The ceramics found there astonished scientists with its diversity: big pots for cooking usual food, small vessels and fine vessels which walls are as thick as an ostrich egg shell. In houses they also found statuettes with big eyes; perhaps they were gods of the mid-4th millennium B.C.
But the fullest picture of the society of that time was offered by 15 stamps in the form of thoroughly-carved animals. All they were found in one pit, supposedly in a grave. There they also found a large number of beads of bones, delft, stone and shell, some of which were so small that scientists assumed that they were not necklaces, but they were entwined or sewn in clothes.
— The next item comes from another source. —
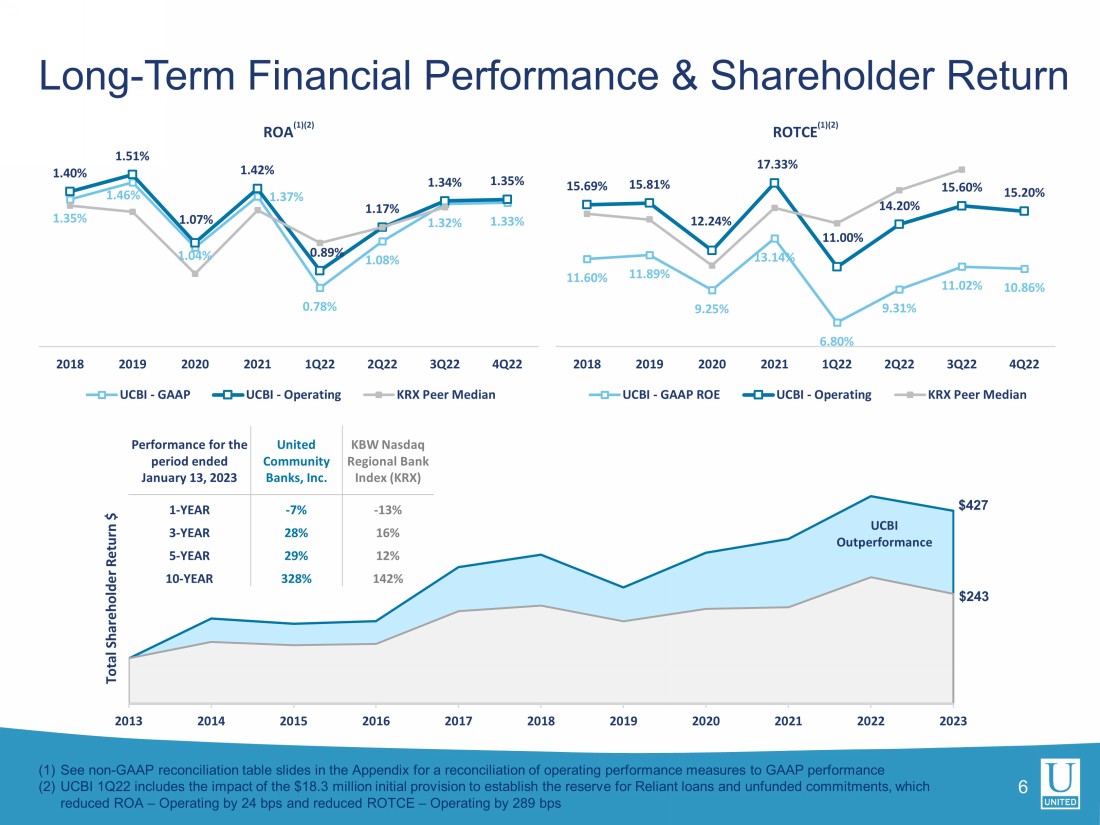 #2 Highest Net Promoter Score among all banks nationwide in 2021 – J.D. Power TOP 10 WORLD’S BEST BANKS and #3 in the United States – Forbes 206 BANKING OFFICES ACROSS THE SOUTHEAST #1 IN CUSTOMER SATISFACTION i n 2022 with Retail Banking in the Southeast – J.D. Power United Community Banks, Inc. $ 24.0 BILLION IN TOTAL ASSETS $4.3 BILLION IN AUA $ 19.9 BILLION IN TOTAL DEPOSITS BEST BANKS TO WORK FOR i n 2022 for the sixth consecutive year – American Banker $0.22 QUARTERLY DIVIDEND – UP 10% Y OY 4 Premier Southeast Regional Bank x Metro - focused branch network with locations in the fastest - growing MSAs in the Southeast x 198 branches, 8 LPOs, and 6 MLOs across six Southeast states x Top 10 market share in GA and SC x Proven ability to integrate – 13 acquisitions completed over the past 10 years Committed to Service Since 1950 Extended Navitas and SBA Markets $ 15.3 BILLION IN TOTAL LOANS Company Overview 12.8 % TIER 1 RBC 100 BEST BANKS IN AMERICA i n 2022 f or the ninth consecutive year – Forbes x Offered nationwide x SBA business has both in - footprint and national business (4 specific verticals) x Navitas subsidiary is a technology - enabled small - ticket, essential - use commercial equipment finance provider UCBI Banking Offices Note: See glossary located at the end of this presentation for reference on certain acronyms Regional Full Service Branch Network National Navitas and SBA Markets $23.63 $23.78 $24.38 $18.42 $16.52 $17.13 4Q21 3Q22 4Q22 Book Value Per Share GAAP Tangible 77% Loan - to - Deposit ratio 10.86% Return on common equity – GAAP 15.2% Return on tangible common equity – operating (1) Other 4Q notable items: $3.6mm (pre - tax) gain on equity investment marks $1.8mm (after - tax) tax loss on BOLI surrender $0.74 Diluted earnings per share – GAAP $0.75 Diluted earnings per share – operating (1) 1.33% Return on average assets – GAAP 1.35% Return on average assets – operating (1) 2.09% PTPP return on average assets – operating (1) 0.49% Cost of deposits 38% DDA / Total Deposits 4 Q22 Highlights (1) See non - GAAP reconciliation table slides in the Appendix for a reconciliation of operating performance measures to GAAP performance $0.55 $0.74 $0.74 $0.64 $0.75 $0.75 4Q21 3Q22 4Q22 Diluted Earnings Per Share GAAP Operating (1) 0.96% 1.32% 1.33% 1.10% 1.34% 1.35% 4Q21 3Q22 4Q22 Return on Average Assets GAAP Operating 1.21% 1.94% 2.07% 1.40% 1.97% 2.09% 4Q21 3Q22 4Q22 PTPP Return on Average Assets PTPP Operating PTPP (1) (1) 12% Annualized 4Q EOP loan growth 48.0% Efficiency ratio – GAAP 47.4% Efficiency ratio – operating (1) 5 (1)

Stamps are carved of stone in the form of animals. One of the largest and most beautiful ones is made in the form of a leopard whose spots are made with small needles set in drilled holes. Archeologists also found a stamp that is no less beautiful than the one with a leopard. This stamp is made in the form of a horned beast, but unfortunately, horns are broken. Big stamps are much more diverse, but they are less in number than small ones mostly made in the form of a lion, a goat, a bear, a dog, a hare, a fish and a bird. Bigger and more skillful stamps might belong to influential or rich people, while small stamps might be used by other people to label private property.
In a small pit two meters deep in the north-eastern part of the excavation site archeologists discovered a wall dating back to the 7th century A.D. and a meter lower a building corner fastened by a strut with two niches. The strut was set at the door that leads east. The door post, the strut, niches and the southern wall were covered with lime. As a rule, such struts were not set in private houses, but in temples. Ceramic debris found at the temple dated back to the 3rd millennium, that is the Akkadian period, when governors of Akkad (a state in Southern Mesopotamia) started an expansion on what is today Syria. Since it was the critical period in the Mesopotamian history, the place connecting so many epochs becomes the major aim of an expedition in the next season.
Earlier historians supposed that Syrian and Turkish states started their active development only after the contact with Uruk, an ancient state in Southern Iraq. But excavations of Hamoukar proved that highly-developed societies emerged not only in the valley of the Tigris and the Euphrates, but in other areas at the same time. Some researchers even think that the civilization arose originally in Syria. The find has actually changed the traditional idea of the appearance of cities and the civilization on Earth, making scientists to consider its birth and development at a much earlier period of time.
Previously it was believed that the civilization arose in the Uruk period (ca. 4,000 B.C.), but now there is evidence of its existence in the Ubaid period (ca. 4,500 BC). It means that the first states came into being before the appearance of a written language and other phenomena that were thought to be criteria of the civilization birth. Vital ties were formed between various peoples; they exchanged experience. The civilization was developing by leaps and bounds.
Excavations of Hamoukar promise more discoveries, for it is the only place where layers of 4,000 B.C. lie at a depth of two meters from the earth surface or even higher.